Submitted to: Food Quality and Safety
Publication Type: Peer Reviewed Journal
Publication Acceptance Date: 3/14/2017
Publication Date: 5/4/2017
Citation: Yoo, B.K., Liu, Y., Juneja, V.K., Huang, L., Hwang, C. 2017. Effect of environmental stresses on the survival and cytotoxicity of Shiga toxin-producing Escherichia coli. Food Quality and Safety. 1(2):139-146. doi: 10.1093/fqsafe/fyx010.

Interpretive Summary: Chlorine is widely used in food manufacturing process to prevent the growth of Shiga toxin producing E. coli in food products. Sub-lethal treatment of chlorine may affect the behavior of growth and virulence of Shiga toxin producing E. coli. Results showed that some strains of non-O157 E. coli exposed to sub-lethal chlorine treatment had higher level of Vero-cytotoxicity than untreated control strains, indicating that greater amount of toxin were released into extracellular medium. This study extends our understanding of the potential mechanisms used by pathogenic E. coli to adapt, survive and grow under chlorine stress.

Technical Abstract: Shiga toxin producing Escherichia coli (STEC) causes serious illnesses leading to hospitalizations in the United States. Since bacteria exposed to sub-lethal treatment during food processing may exhibit enhanced virulence and resistance to subsequent processing, the present study attempts to investigate the change in the virulence of STEC under chlorine treatment and their survival under osmotic, acidic and chlorine stresses.
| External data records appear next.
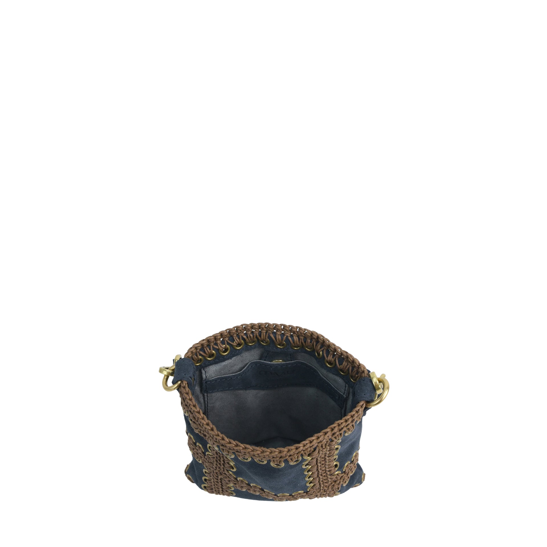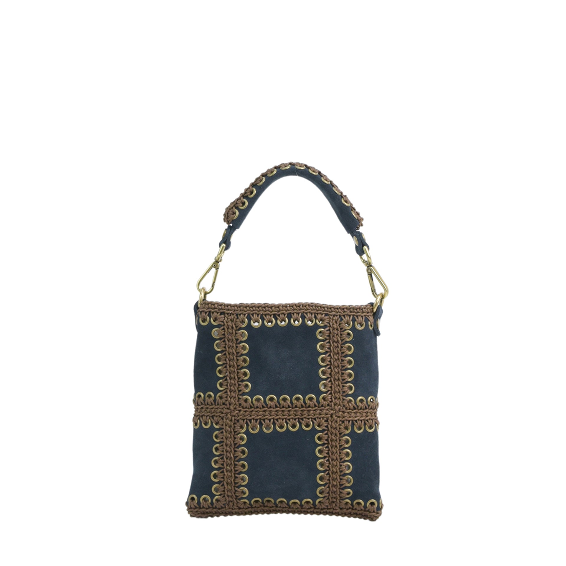 Clara è una borsa mini realizzata cucendo a mano all'uncinetto i pannelli quadrati di pelle infine uniti a formare i pannelli. Tutto il lavoro all'uncinetto è realizzato con un cordoncino coda di topo, molto resistente. La pelle è di vitello suede con un tocco delicato. L'interno della borsa ha la parte in pelle foderata in un unico pezzo e si possono vedere tutte le lavorazioni. Ha un comodo manico estraibile da portare a spalla lavorato. Oltre a una tracolla allungabile, in modo da poterla indossare come borsa a spalla o come borsa a tracolla e a bandoliera. Si può indossare anche come busta a mano. All'interno si trovano una tasca aperta. La parte superiore della borsa è chiusa da una calamita.
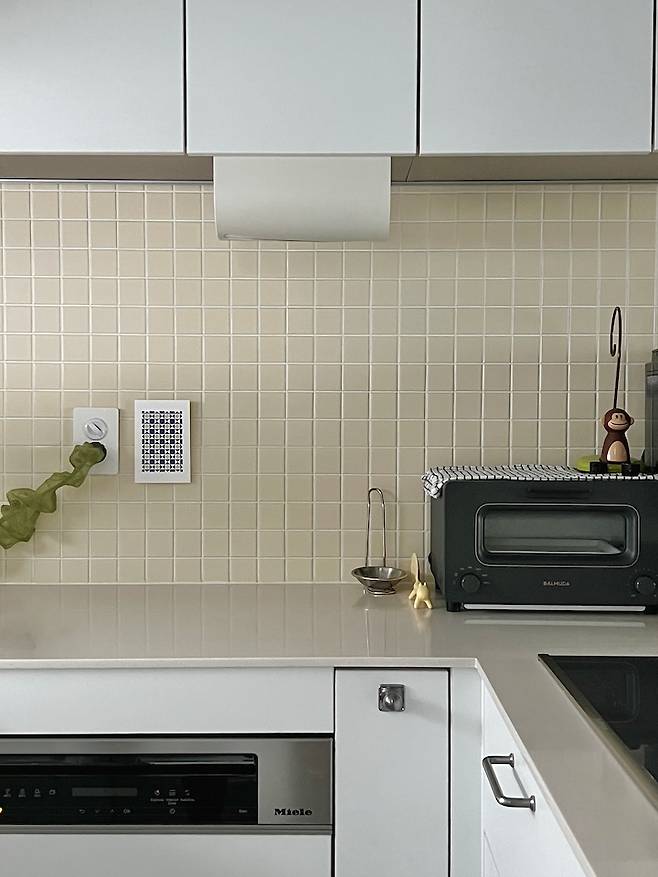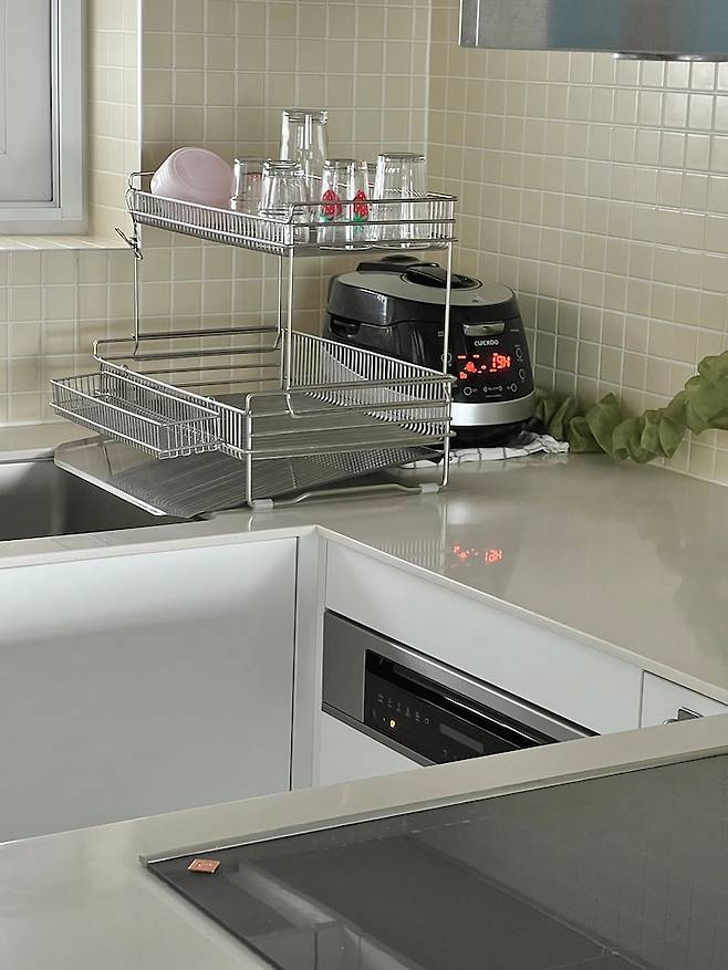 싱크볼과 식기세척기, 인덕션 싱크대의 3면을 모두 활용하면서도 제 역할을 잘 해주고 있는 공간이에요. 그리고 주방 콘센트가 벽면 중간에 있다 보니 회색의 가느다란 밥솥 전선이 항상 아쉬움이 있었어요. 매일 사용하는 밥솥이라 전선을 빼두는 일이 없다 보니 사부작사부작 코트 삭스를 만들어 전선을 가려 주었어요.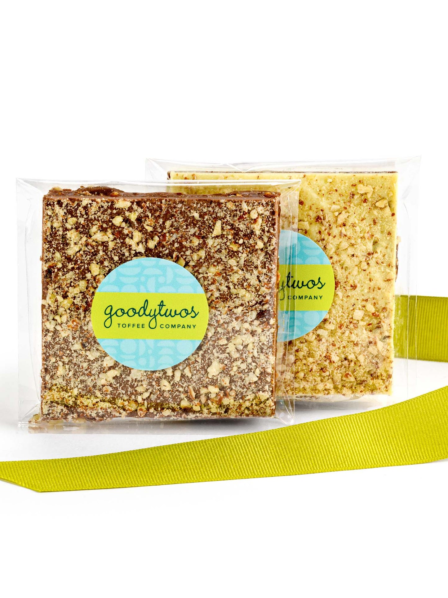 Goodytwos Duo Double Crossed and Sweet & Salty toffee with green ribbon, goodytwos.com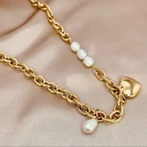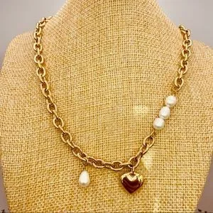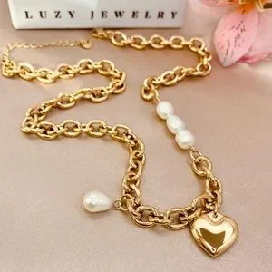 About this gorgeous necklace: Curb link chain, heart charm and pearls are big now! This stunning piece does a triple-take of chic and elegance from Luzy Jewelry Timeless Pearl Collection.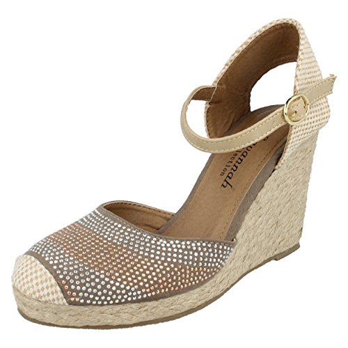 Binding : Apparel Product Description Womens wedge sandals with decorative bead detail. Ideal for casual fashion summer wear. Ankle strap with buckle fastening. Closed toe. Wedge heel height (approx): 3.75in. Upper: canvas. Lining: textile. Out sole: synthetic. Choice of two colors. 0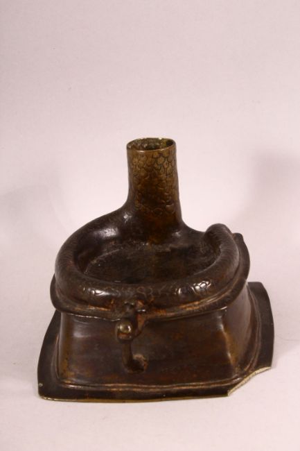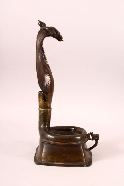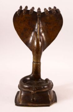 A FINE LARGE 17TH/18TH CENTURY SOUTH INDIAN BRONZE NAGA SNAKE FIGURE, sectional - in two pieces, 35cm high.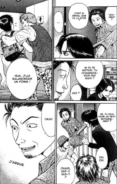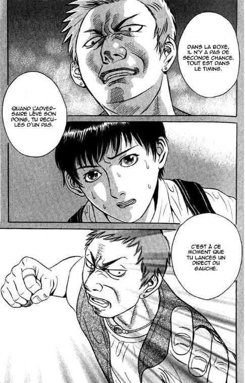 Malgré des dessins qui peuvent sembler classiques, l’art de Mori trouve sa force dans la fonctionnalité visuelle. Les expressions de Yû et sa physique peu imposante sont parfaitement rendues, renforçant ainsi l’authenticité du personnage. De plus, l’auteur accorde une attention particulière aux détails des combats, offrant aux lecteurs des moments d’action dynamiques. Les techniques de combat sont bien représentées, et Mori n’hésite pas à expliquer les subtilités de cet art, que ce soit la boxe, le judo ou les différentes approches martiales propres à la rue.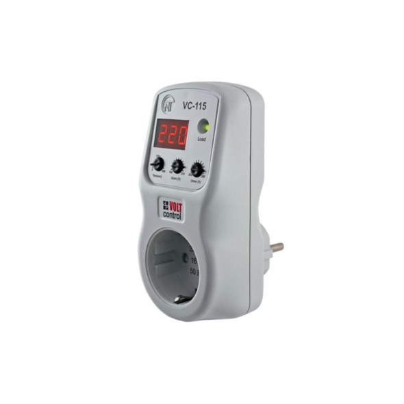 VC-115 voltage relay is designed to protect household appliances (equipment) with a power capacity of up to 3.5 kW (such as refrigerators, air conditioners, washing machines, TV and audio equipment, etc.) from unacceptable voltage fluctuations in the network and the effects of a neutral wire break.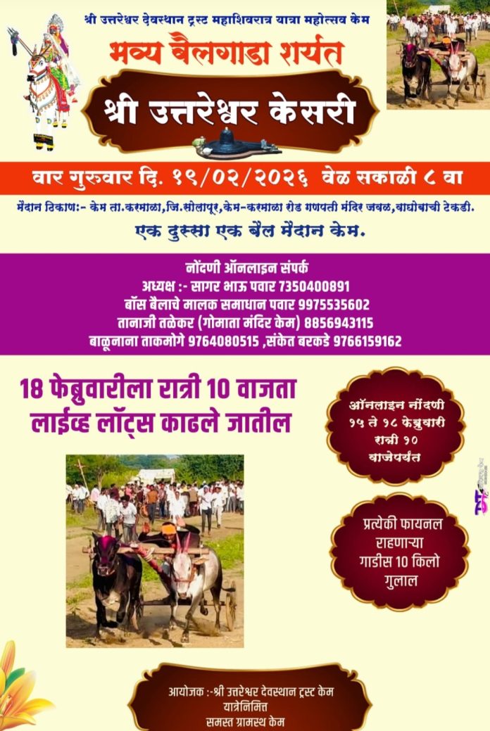 рд╕реЛрд▓рд╛рдкреВрд░ рдЬрд┐рд▓реНрд╣реНрдпрд╛рддреАрд▓ рдХрд░рдорд╛рд│рд╛ рддрд╛рд▓реБрдХреНрдпрд╛рддреАрд▓ рдХреЗрдо рдпреЗрдереЗ рдорд╣рд╛рд╢рд┐рд╡рд░рд╛рддреНрд░ рдпрд╛рддреНрд░реЗрдирд┐рдорд┐рддреНрдд рдЖрдпреЛрдЬрд┐рдд рдХрд░рдгреНрдпрд╛рдд рдЖрд▓реЗрд▓реА рднрд╡реНрдп рдмреИрд▓рдЧрд╛рдбрд╛ рд╢рд░реНрдпрдд тАУ тАШрд╢реНрд░реА рдЙрддреНрддрд░реЗрд╢реНрд╡рд░ рдХреЗрд╕рд░реАтАЩ рд╕реНрдкрд░реНрдзрд╛ рдпрдВрджрд╛ рдЕрднреВрддрдкреВрд░реНрд╡ рдЙрддреНрд╕рд╛рд╣рд╛рдд рдкрд╛рд░ рдкрдбрдгрд╛рд░ рдЖрд╣реЗ. рдЧреБрд░реБрд╡рд╛рд░ рджрд┐. резреп рдлреЗрдмреНрд░реБрд╡рд╛рд░реА реирежреирем рд░реЛрдЬреА рд╕рдХрд╛рд│реА рео рд╡рд╛рдЬрддрд╛ рдпрд╛ рдмрд╣реБрдЪрд░реНрдЪрд┐рдд рд╢рд░реНрдпрддреАрд▓рд╛ рдкреНрд░рд╛рд░рдВрдн рд╣реЛрдгрд╛рд░ рдЕрд╕реВрди рдкрд░рд┐рд╕рд░рд╛рдд рдпрд╛рддреНрд░реЗрдЪреЗ рд╡рд╛рддрд╛рд╡рд░рдг рд░рдВрдЧреВ рд▓рд╛рдЧрд▓реЗ рдЖрд╣реЗ.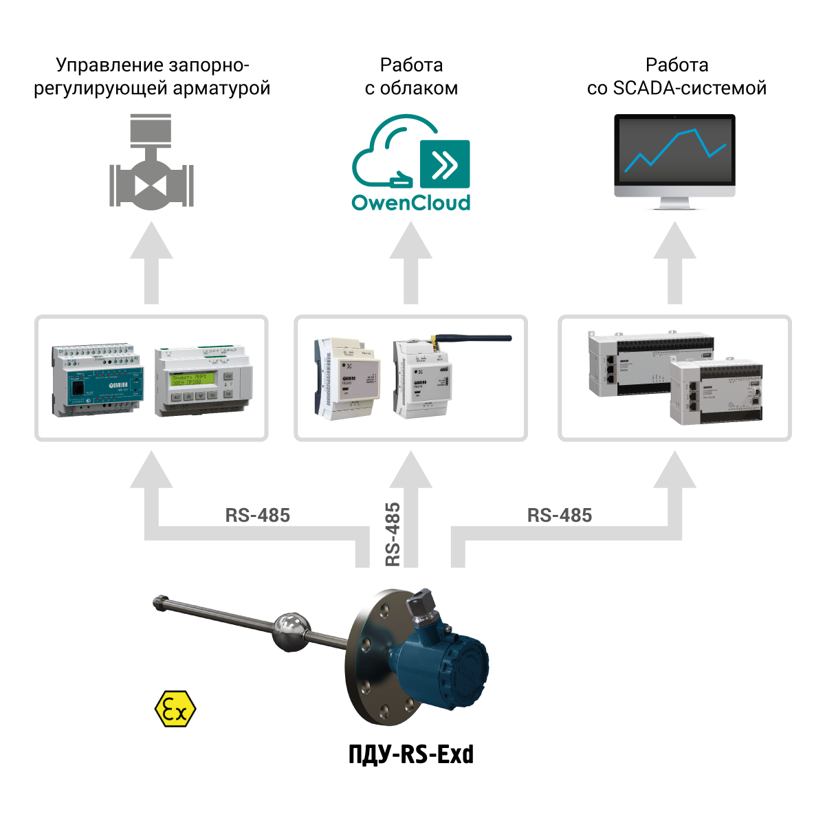 Протокол Modbus RTU позволяет передавать данные по сети RS-485 и подключать его напрямую к контроллерам, облачным сервисам и другим системам управления. Использование поплавковых датчиков ПДУ-RS-Exd значительно упрощает и удешевляет пуско-наладочные работы ввиду освобождения части аналоговых входов применяемых в системе контроллеров и модулей.

E. coli O157:H7 and six non-O157 STEC strains, including O26:H11, O103:H1, O104:H4, O111:NM, O121:NM, and O145:NM were subjected to osmotic (aw 0.95, 0.96, 0.97, and 0.98), acidic (pH 4, 5, 6, and 7), and sodium hypochlorite (1, 2, and 5 ppm) stresses, followed by enumeration of the surviving populations and Vero-cytotoxicity determination. Based on the viable plate count data, E. coli O145:NM strain survived aw 0.97 longer than other serotypes, while E. coli O111:NM was significantly more sensitive to osmotic stress. Under acidic stress of pH 4, E. coli O103:H1 was more resistant compared to other serotypes, while E. coli O26:H11 and E. coli O111:NM had significantly less growth than other serotypes. Higher (greater than 3 logs) populations of E. coli O26:H11, O103:H1, and O145:NM were observed than other strains under 2 ppm of chlorine treatment. Stressed strains that were repetitively exposed to sub-lethal chlorine treatment revealed that they had a significantly higher level of survival than the initial control except for E. coli O111:NM and O121:NM. When compared with the control cells, significantly increased Vero-cytotoxicity of E. coli O26:H11 (40%), O103:H1 (50%), O104:H4 (60%), and O145:NM (25%) was observed, based on lactate dehydrogenase assay using supernatant of 24h grown cell culture media. This investigation extends the understanding of the potential mechanisms used by pathogenic E. coli to adapt, survive and grow under chlorine stress, which could be exploited to aid the development of novel strategies to inactivate this pathogen.